As recently as 2000, the U.S. had a budget surplus, meaning it received more than it was spending every year at that point many economists envisioned the national debt could be paid off by 2012.
Behind the scenes, a secret report commissioned for the government indicated possible detrimental consequences of retiring the National debt
Paying off the national debt would mean the death of Treasury bonds, at that time they were considered the epicenter of the global economy.
Treasury securities are crucially important to the world financial system in a number of ways: banks buy them as low-risk assets, the Fed uses them for executing monetary policy, and mortgage interest rates vary based on Treasury rates.

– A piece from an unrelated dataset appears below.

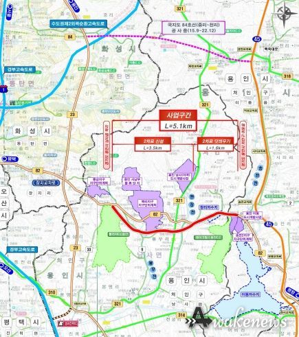 경기도가 만성정체를 빚는 ‘국지도 82호선 용인 장지-남사’ 구간 도로건설공사를 추진한다.
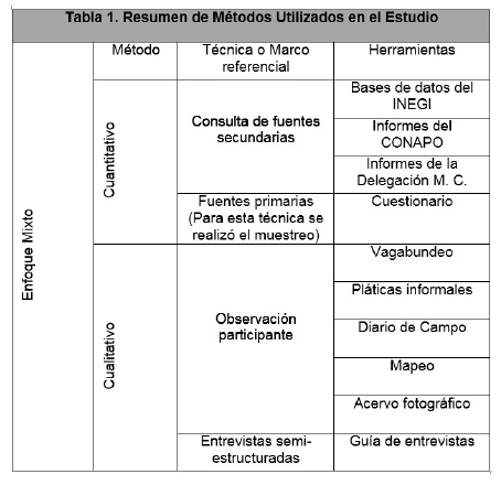 Materiales y métodos: Aproximación mixta desarrollada durante 2014, se aplicaron 105 cuestionarios y ocho entrevistas semi-estructuradas a jefas del hogar residentes de "El Ermitaño", D.F. Los temas abarcados fueron aspectos socio-demográficos, socioeconómicos, vivienda, ambiente, estilos de vida, condiciones y percepción de salud y necesidades sentidas. Se calcularon medidas de tendencia central para datos cuantitativos y se analizaron las entrevistas utilizando el software ATLAS.ti.

'It was a huge issue ... for not just the U.S. economy, but the global economy,' says Diane Lim Rogers, an economist in the Clinton administration.
Jason Seligman, an economist who wrote the report titled 'Life After Debt (PDF),' concluded it was a great idea to pay down the debt, but not to pay it off entirely.
'There's such a thing as too much debt,' says Seligman. 'But also such a thing, perhaps, as too little.'
Read More: http://www.npr.org/blogs/money/2011/10/2...ent-report
So the decision to go to war every time someone farted crossways was actually a carefully crafted plan to bolster the worlds economy contrived by a think tank.
How's that working out in retrospect?
If there is no more national debt, and Treasury bonds became a thing of the past, does that really mean there is nothing for people to invest in? I smell BS, the economy was booming back then.